- _AIM OF THE EXERCISE_:
For this exercise, write out only the lines of the entries below from the one with "pintant amb aigua." up to and including the one with "138 939  BEETHOVEN: PIANO", exactly as they are. Pictures stay out.

[MATERIAL PROVIDED — start]

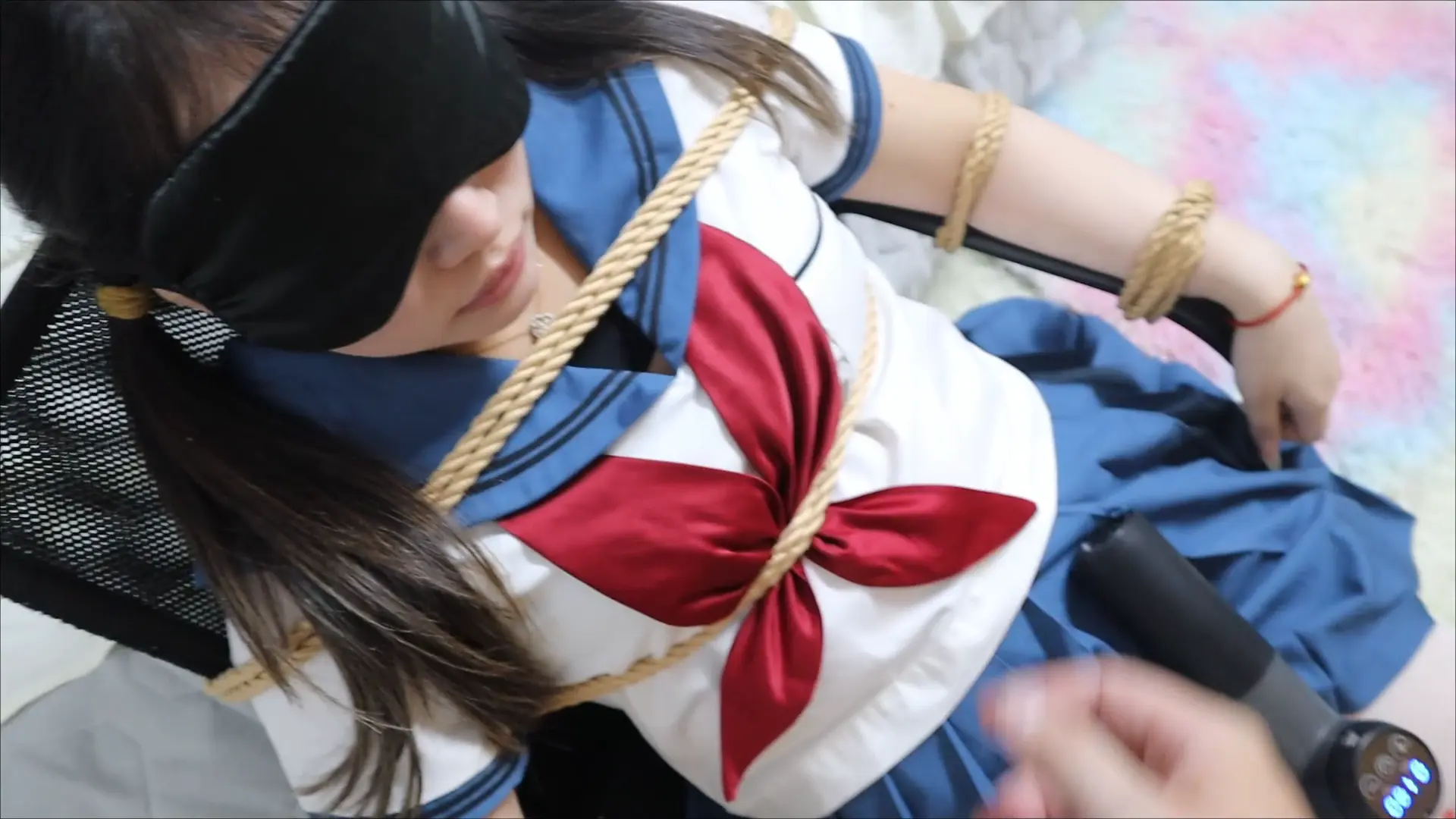 【荷仙少女】 清纯水手服萝莉椅子捆绑凌辱口枷亵玩,滴蜡在萝莉的身体上,白丝萝莉痛苦不堪的伸出舌头哭泣喊叫 把震动直接压进双腿间 玩舌+捆绑+口环+鞭打+滴蜡+TK+按摩 由一开始被动到屈服主动
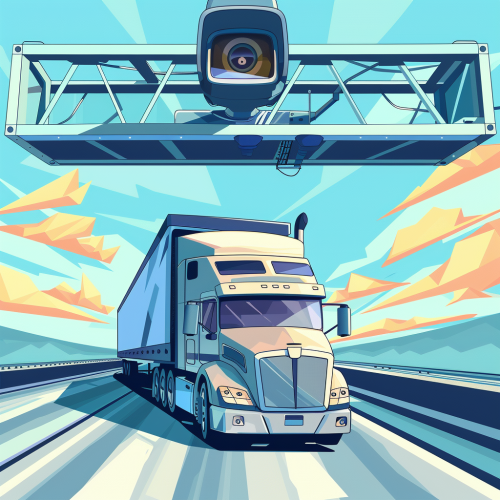 cartoon style, modern, heavy truck on the road, portal above the road with signal video camera, blue, gray, yellow colors
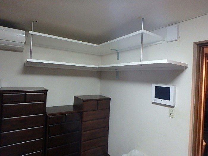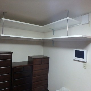 いつもご依頼を頂きますお客様から。ある洋室のクローゼットを便利な勝手の良いものに変え、かつ収納力UPで棚を増設しともかく無駄なく収納したいとのご要望です。折れ戸を撤去しオープンに。ともかく機能重視に。
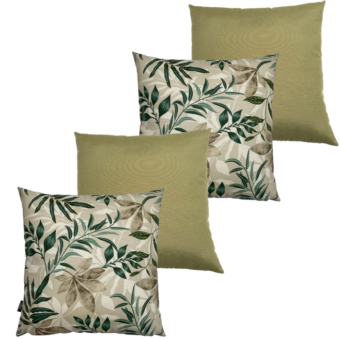 Kit 4 Almofadas Impermeável Antimofo Antiácaro Folha Verde Marrom Verde Oliva Área Externa 45cmX45cm
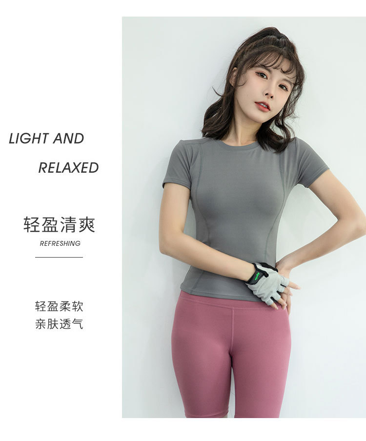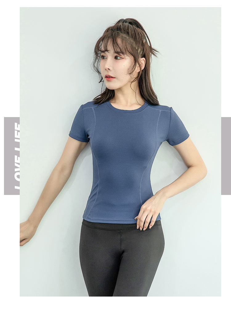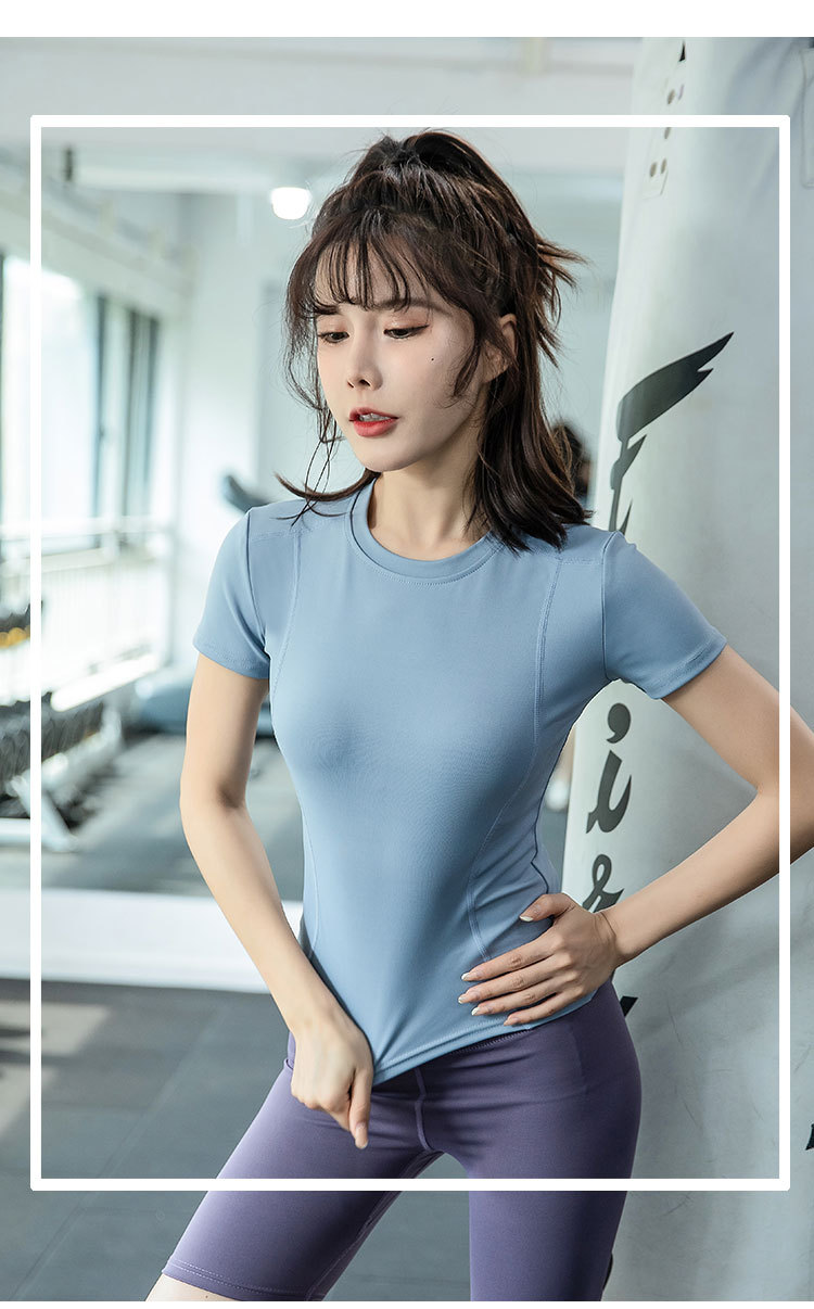 슬림핏 요가복 여성용 스포츠 피트니스 의류 타이트 러닝 땀 흡수 속건성 의류 슬림핏 타이트 요가 반팔 티셔츠
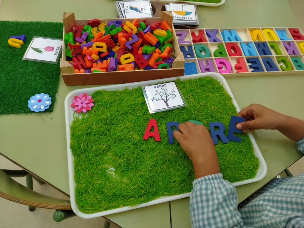 • Traç de tot l’abecedari: resseguint amb pal, confegint la lletres amb peces de colors, pintant amb aigua.
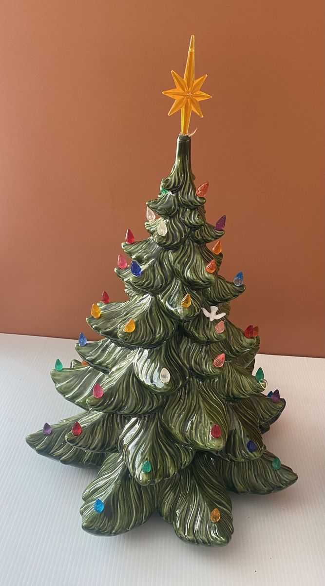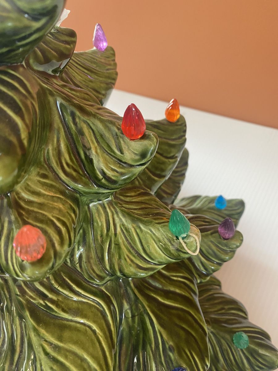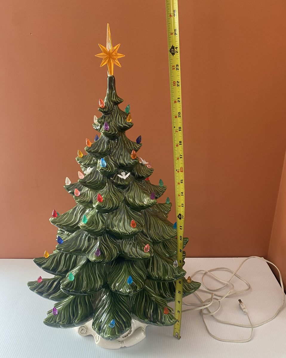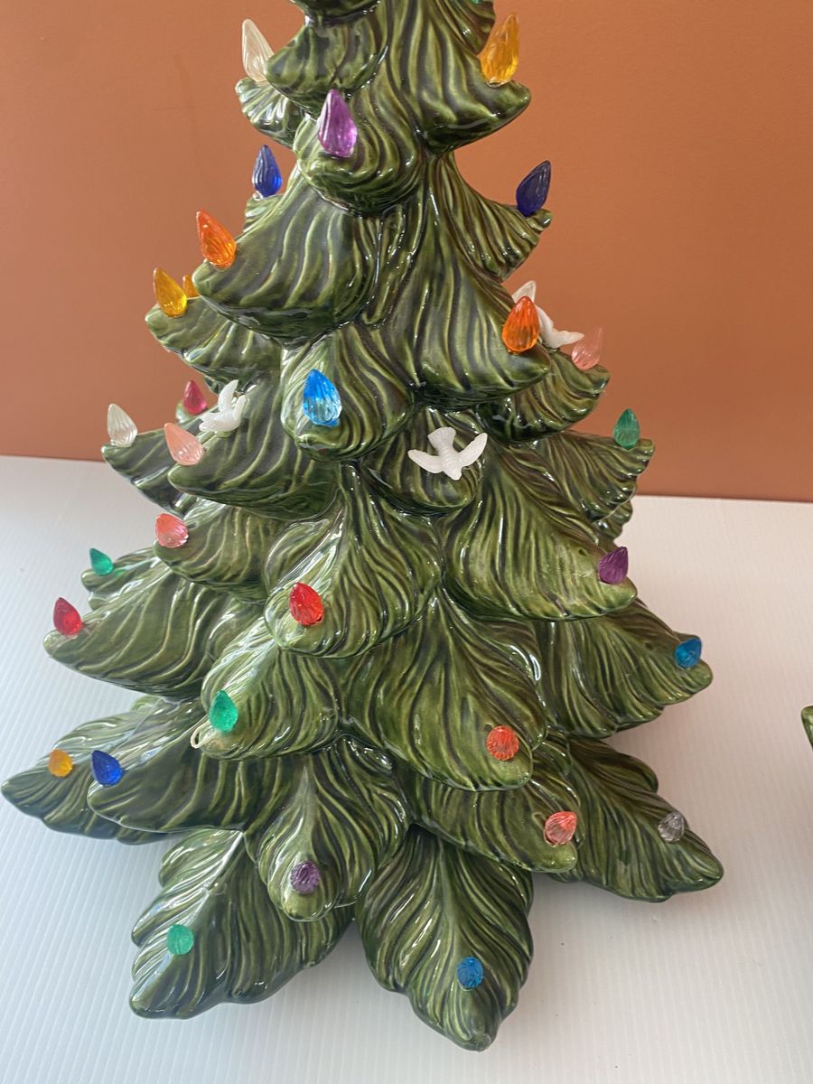 Lovely vintage condition! Huge, approx 23” tall and approx 16” wide at the widest spot. One small paint chip on the end of a branch. Previous owner had hot glued little ornament and accents. A few birds are still attached. A few little wire loops are still attached. A few bits of glue here and there though it can be carefully removed. Cord has tape on it. Light bulb lights up. Cash only, pick up in Lindon up past the new temple.
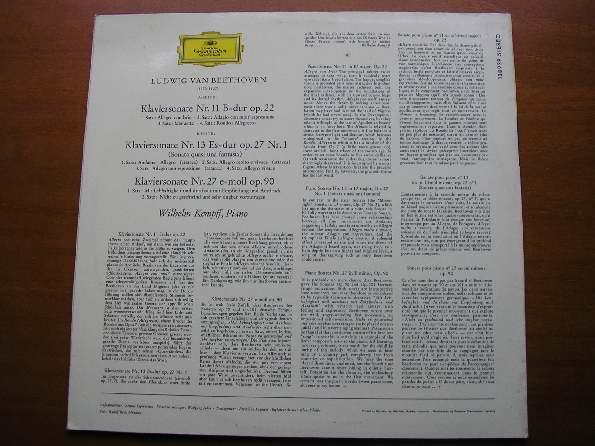 138 939  BEETHOVEN: PIANO SONATAS Nos. 11 / 13 / 27      WILHELM KEMPFF
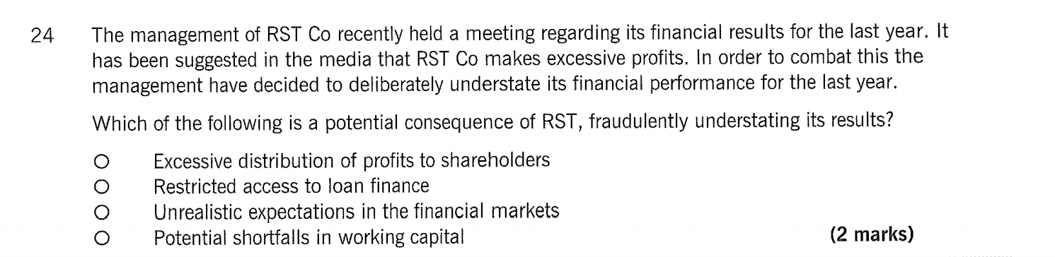 这道题说公司故意把利润报低了。我们直接来看选项:A说给股东分配额外的利润,都已经报低了,潜台词就是“我们公司没赚到钱,我们可穷了”,那哪还有利润可以分呢?所以A是不对的。 B说融资渠道受限,这个是对的,因为profit=sales-cost,利润偏低说明公司要么是sales偏低,东西卖不出去;要么是cost偏高。那投资人一看,这公司东西卖不出去,还乱花钱,那他肯定会觉得投资这家公司的风险太大了,搞不好自己投了一大把钱进去,啥利润都没捞着,算了算了,不投这家公司了。所以报低利润一定程度上会影响融资的。 C说金融市场的不切实际的期望,利润都这么低了,还在幻想那些不切实际的,这就好比普通打工人说想和马云一样挣一个亿,听着就像在做梦嘛。C应该是报高利润产生的影响。 D说潜在的资金短缺,这个也不对,潜在资金短缺的意思是:公司开了一个新项目,或者扩大了公司的规模,此时我们需要大量的资金来做前期的准备和运营。可是公司报低了利润,意味着不仅不会开新项目,甚至可能要缩减原有的项目。
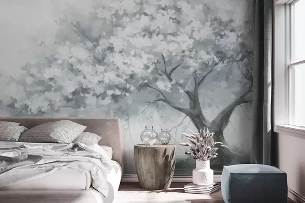 Murais de parede Árvore abstrata de flores azuis suaves em plena floração, próxima a um rio, com pinceladas de textura suave e cores pastéis Nr. w09193v2
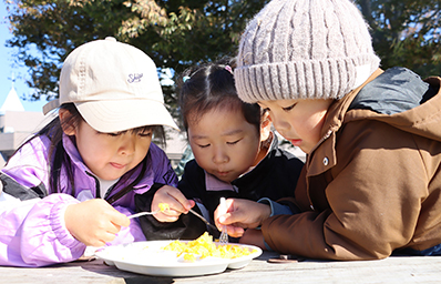 収穫したサツマイモを使い、後日園庭で焼き芋大会を開催。みんなで落ち葉を拾い集めて焚火をし、おいもが焼きあがるとその美味しさに目を細め、おなかいっぱい味わいました。
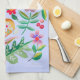 Ein gemütliches Küchentuch mit volkstümlicher Kunst, inspiriertes Design von Blume, Blätter und kleinen pastellblauen Kreaturen auf hellblauem Hintergrund. Dieses süße Blumen- und Tiermuster ist auf einem hochwertigen Küchentuch aufgedruckt. Das ist ein hübsches Geschenk für die Hauswärmung. Anpassbar in Ihrer Wahl der Hintergrundakzent Farbe.
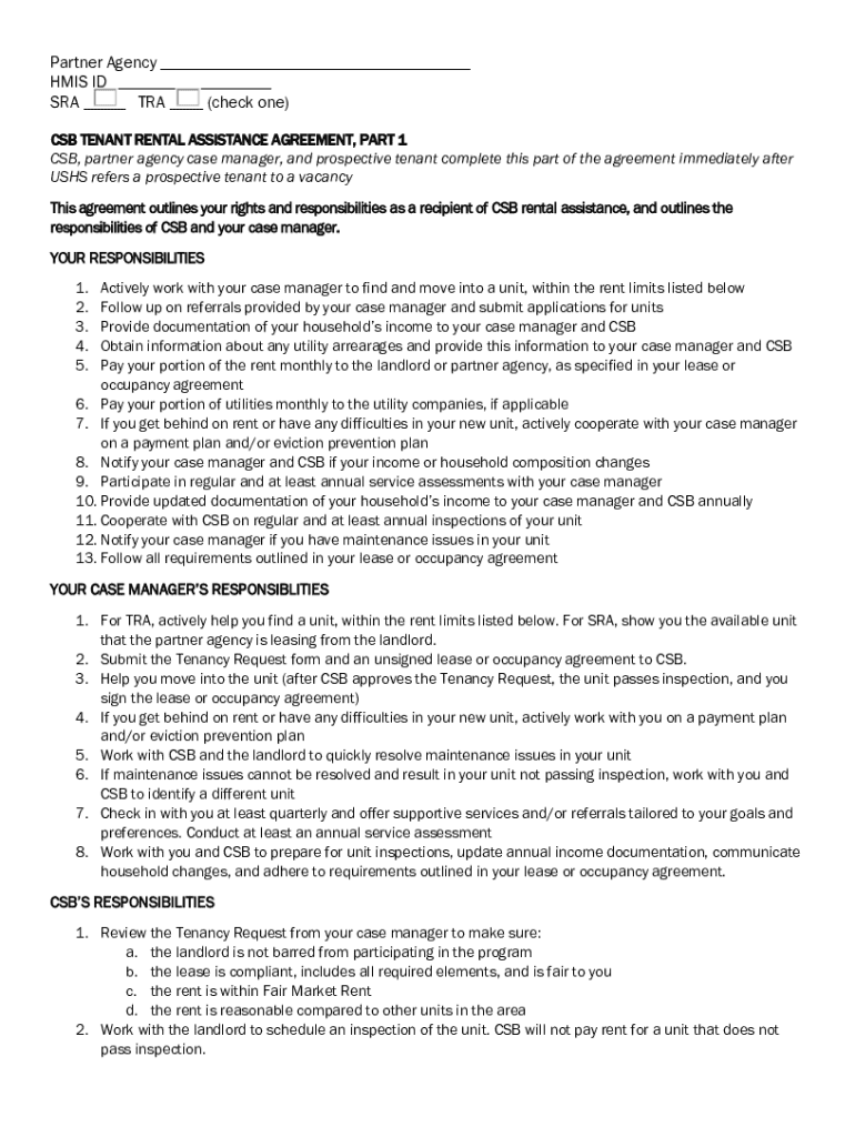 Partner Agency ___ HIS ID ___ SRA ___ ERA ___ (check one) CSS TENANT RENTAL ASSISTANCE AGREEMENT, PART 1 CSS, partner agency case manager, and prospective tenant complete this part of the agreement

[MATERIAL PROVIDED — finish]

- _TASK OUTPUT_:
 • Traç de tot l’abecedari: resseguint amb pal, confegint la lletres amb peces de colors, pintant amb aigua.
 Lovely vintage condition! Huge, approx 23” tall and approx 16” wide at the widest spot. One small paint chip on the end of a branch. Previous owner had hot glued little ornament and accents. A few birds are still attached. A few little wire loops are still attached. A few bits of glue here and there though it can be carefully removed. Cord has tape on it. Light bulb lights up. Cash only, pick up in Lindon up past the new temple.
 138 939  BEETHOVEN: PIANO SONATAS Nos. 11 / 13 / 27      WILHELM KEMPFF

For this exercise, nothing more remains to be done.